What the exercise asks
In your copy of the data, include no pictures and alter nothing else.

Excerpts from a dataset
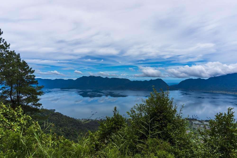 Dari titik-titik tertentu, bentang alam hijau terlihat berlapis, menciptakan visual khas perbukitan Sumatera.
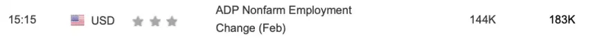 Доповідь від ADP відображає вимір змін числа робітників у приватному секторі США за лютий. Цей індикатор показує попередні дані щодо Nonfarm Payrolls, до якого особлива увага та який має високий вплив на фінансові ринки.
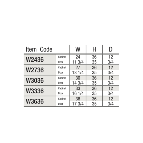 Cabinet Dimensions: 24″W x 36″H x 12″D, 27″W x 36″H x 12″D, 30″W x 36″H x 12″D, 33″W x 36″H x 12″D, 36″W x 36″H x 12″D
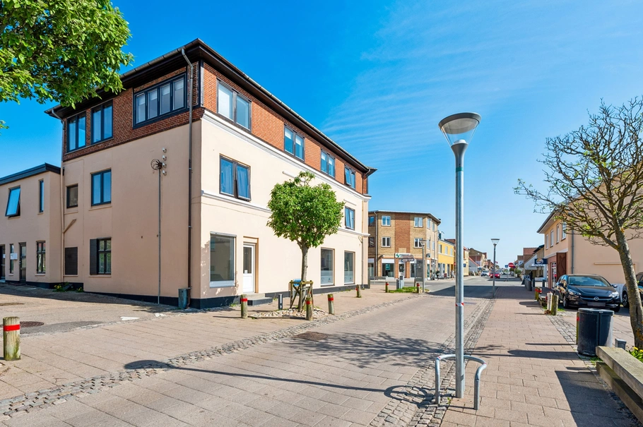 Ejendommen trænger til en lettere opfriskning, men alt dette glemmes for en stund, når du træder indenfor i selve erhvervet. Her vil store og lyse butikslokaler præsentere sig, og hjørneplaceringen sikrer de bedste forudsætninger, når det kommer til erhvervets synlighed. Foruden butikslokalerne er der to køkkener, to toiletter, og der vil være mulighed for at etablere separate kontorlokaler, hvis det er ønskeligt.
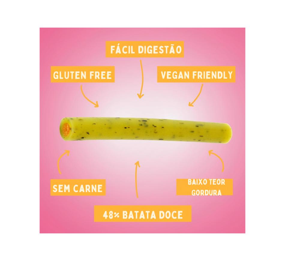Pawtato Espinafre e Kale Sticks são feitos com batata doce nutritiva e palitos de arroz com recheio de espinafre. Sociedade Vegetariana e Sociedade Vegana Aprovadas.
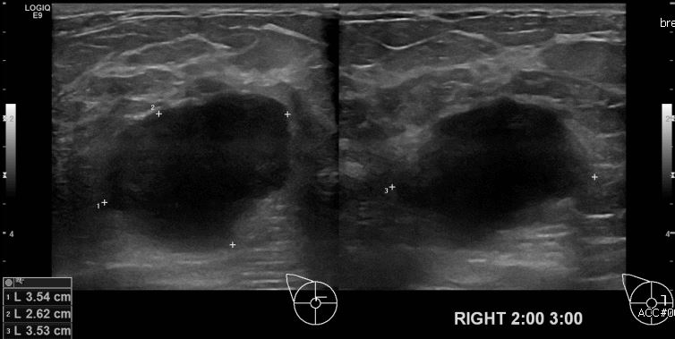 상기환자 유측 유방에 만져지는 멍울로 내원하신 50대 여성분으로 우측 2시에서
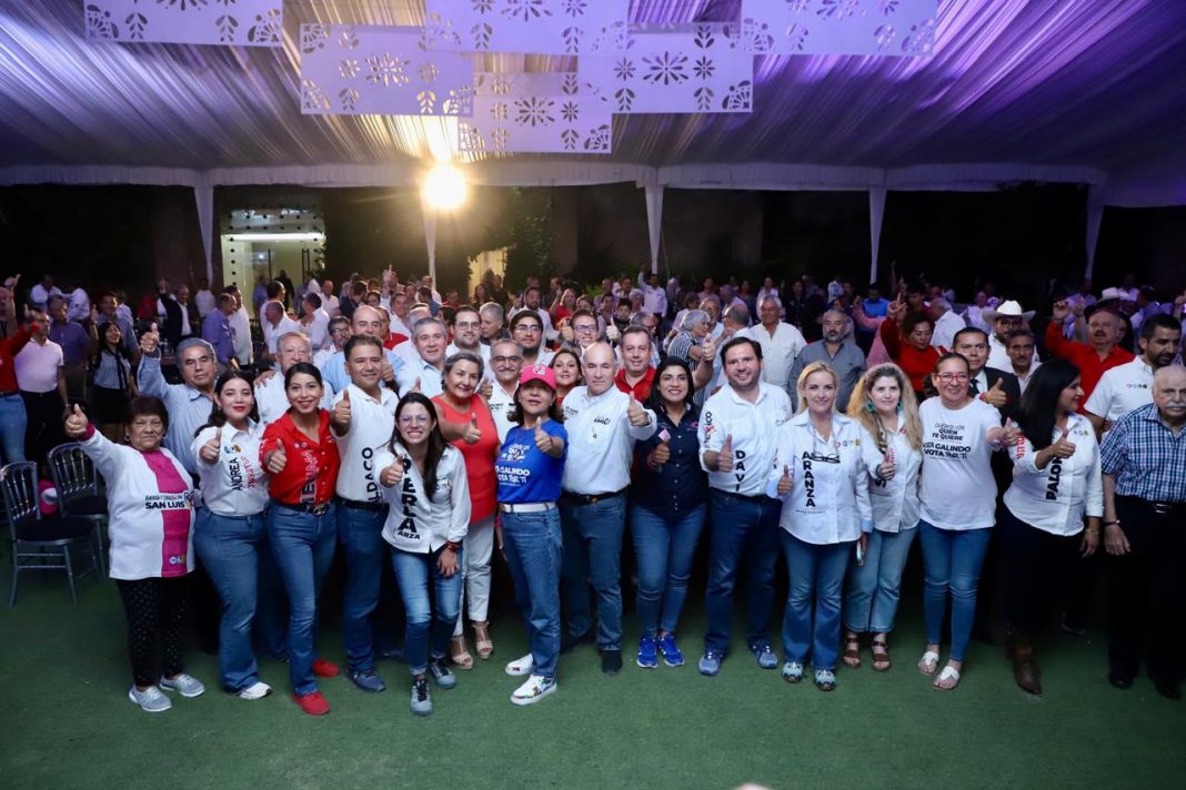 El candidato a la presidencia municipal reunió a más de mil liderazgos del tricolor, entre ellos exalcaldes y exrectores de la UASLP; además de personajes que ya no militan en el partido, como “Calolo” y el morenista Pedro Olvera, quienes expresaron su respaldo a la continuidad de Enrique Galindo en la alcaldía de la capital.
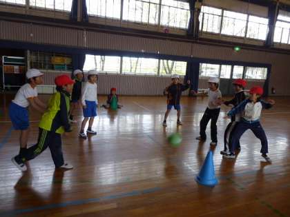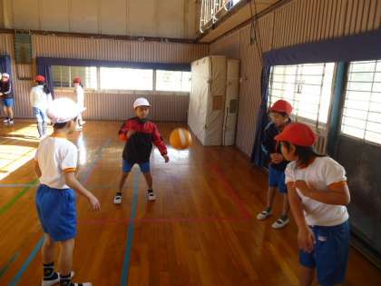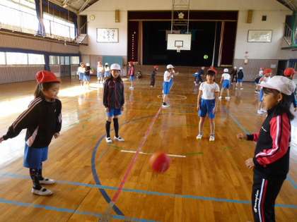 ご存じですか?簡単に説明すると、ドイツ生まれで、自陣に拳でボールをバウンドさせて味方にパスをしたり、相手コートに返したりするネット型ゲームです。高学年になるとソフトバレーボールへとつながる学習になります。

Result
 Dari titik-titik tertentu, bentang alam hijau terlihat berlapis, menciptakan visual khas perbukitan Sumatera.
 Доповідь від ADP відображає вимір змін числа робітників у приватному секторі США за лютий. Цей індикатор показує попередні дані щодо Nonfarm Payrolls, до якого особлива увага та який має високий вплив на фінансові ринки.
 Cabinet Dimensions: 24″W x 36″H x 12″D, 27″W x 36″H x 12″D, 30″W x 36″H x 12″D, 33″W x 36″H x 12″D, 36″W x 36″H x 12″D
 Ejendommen trænger til en lettere opfriskning, men alt dette glemmes for en stund, når du træder indenfor i selve erhvervet. Her vil store og lyse butikslokaler præsentere sig, og hjørneplaceringen sikrer de bedste forudsætninger, når det kommer til erhvervets synlighed. Foruden butikslokalerne er der to køkkener, to toiletter, og der vil være mulighed for at etablere separate kontorlokaler, hvis det er ønskeligt.
Pawtato Espinafre e Kale Sticks são feitos com batata doce nutritiva e palitos de arroz com recheio de espinafre. Sociedade Vegetariana e Sociedade Vegana Aprovadas.
 상기환자 유측 유방에 만져지는 멍울로 내원하신 50대 여성분으로 우측 2시에서
 El candidato a la presidencia municipal reunió a más de mil liderazgos del tricolor, entre ellos exalcaldes y exrectores de la UASLP; además de personajes que ya no militan en el partido, como “Calolo” y el morenista Pedro Olvera, quienes expresaron su respaldo a la continuidad de Enrique Galindo en la alcaldía de la capital.
 ご存じですか?簡単に説明すると、ドイツ生まれで、自陣に拳でボールをバウンドさせて味方にパスをしたり、相手コートに返したりするネット型ゲームです。高学年になるとソフトバレーボールへとつながる学習になります。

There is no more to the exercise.